Guy Montag (Oskar Werner, Jules em Jules et Jim), figura principal, é bombeiro por conforto e leva uma vida pacata, conformada com sua esposa Linda (Julie Christie). Montag nunca leu os livros que queima, no entanto, sabe encontra-los como ninguém.
Cheira-os, apalpa-os, sabe-lhes a forma, o esconderijo ideal, mas desconhece sua essência por completo. Tem medo e comodidade, até ao dia em que conhece Clarisse (também Julie Christie), mulher subversiva, apaixonada por livros que lhe instala a dúvida. Porque nunca leu?
Longe de ser o filme mais forte de Truffaut, é uma quebra na tendência, um passo no desconforto com a coragem de quem sabe perder, por isso arrisca. Sua obra é marcada pelo inesperado, por filmes diferentes onde se esmiuça uma linha, uma personalidade, uma independência ímpar que sabe o caminho.
Truffaut foi miúdo rebelde como Antoine Doneil em Les quatre cents coups e quebrou, várias vezes, sua própria tendência como um acossado, como um perseguido pelo conforto que almeja e o conforto que não quer.

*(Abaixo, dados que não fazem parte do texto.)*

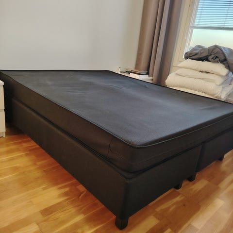 Laadukas ASKO BONNELL parisänky. Sängyssä on korkeat jalat ja kaksiosainen alarunko. Kuvista näkyy sängyn verhoilun rakenne ja väri sekä jalkojen malli. Runkopatja 160x200cm. Petauspatja 5cm. Hp. 400.

Fahrenheit 451, é um filme bem interessante com várias intersecções com a contemporaneidade. Uma fotografia apelativa com a direcção de Nicolas Roeg e várias nuances brilhantes ao estilo de Truffaut. Uma sociedade sem memória, apática no vai e vem do dia-a-dia e que dispensa a dúvida como força que deslinde a ambiguidade da natureza humana.